Don’t be swayed by the word dire, though. Even if it is pretty grim and violent it’s also the horror comedy of the year. The Cabin In The Woods aims to take a very familiar scenario and make a functional movie out of it but between the cliches lies a hilarious cast of puppetmasters who take bets from the entire facility on how our co-eds will meet their ends, whether or not they’ll get to see boobs in the inevitable sex = death opening kill, they party when they think they’ve met mission accomplished status and while it’s all going down, they carry on as final girl, Dana, proves herself to be the most resilient virginal survivor of all time. Meanwhile, back in the cabin, our stoner comic relief guy, usually the most disposable asshole of the gang, turns out to be the funniest and most likable of them all. And if that’s not enough, the inter-organization competition with the crew working in Japan is tear-inducingly hysterical as their plan to kill school girls backfires in the most spectacular fashion as Japan’s own cultural horror movie cliche runs wild on a pack of 9 year olds.

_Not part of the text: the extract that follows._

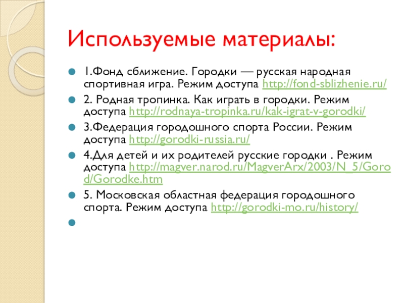 5. Московская областная федерация городошного спорта. Режим доступа http://gorodki-mo.ru/history/

We live in a world of recycled ideas and those of us who cherish the horror genre have been moaning about this more than fans of other idiosyncratic fandomĀ  as we tend to be abused most by the people who produce our beloved media. We get nothing but remakes and are expected to shut our fucking mouths and take it because Hollywood thinks we’re stupid and will buy anything with some blood and gore in it. So while they think that what they released with The Cabin In The Woods is technically a remake since it apes just about every horror movie ever made, it turned out to be the genre’s most exciting release in years by making what’s old new again and I can’t wait to see it again.

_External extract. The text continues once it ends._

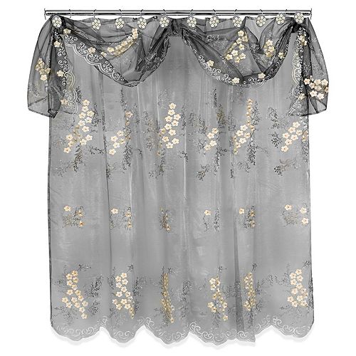 Lace Fabric Shower Curtain With An Attached Valance Bathroom

  1. April 15, 2012 11:06 pm


    I had a basic idea of what cabin in the woods was about going into it simply from some of the giveaways in the trailer (minor that they were.) It still just totally blew my expectations out of the water. The scope of how truly large the story was and what was at stake was incredibly creative. You just don’t see this type of great storytelling anymore. I hope it’s a trend that catches when it comes to horror comedy.

  2. April 16, 2012 5:50 pm

    Troy Z

    I concur with Steve. I, too, had expectations and a basic notion, but the experience gleefully surpassed all preconceptions. I is one satisfied motherfucker with “Cabin In The Woods”! That one scene of– Aw, Crap! I also want to gush by recalling a specific moviegoing moment of “I’ve-Always-Wanted-To-See-This” but I also know it’s crucial to not spoil the impact to future viewers. Let’s just say I’ll likely be buying the DVD so I can pause on this one image just to see how many archetypes I can identify.

    As for the audience of this movie, I testify that not only Whedon fans will be delighted by the genrebusting laugh-out-loud moments that harken back to the memorable moments of “Buffy” and “Angel.” That livelink to the perfect-record Japanese schoolroom is just one of many moments that are both intrinsically funny and cater to the those steeped in the horror genre tropes. (And, c’mon now, who else’s audience gave a unanimous woohoo at the cameo of The Director?)

    But Bryan: don’t think of “Cabin In The Woods” as aping a remake, think of it as a horror *supergroup*!

    Pay money to see this in the theaters, kids! It’s worth supporting!

  3. April 26, 2012 3:49 pm

    Sandra B.

    Thank you for this review now i can decide in much more confidence if i’ll see it in the theater.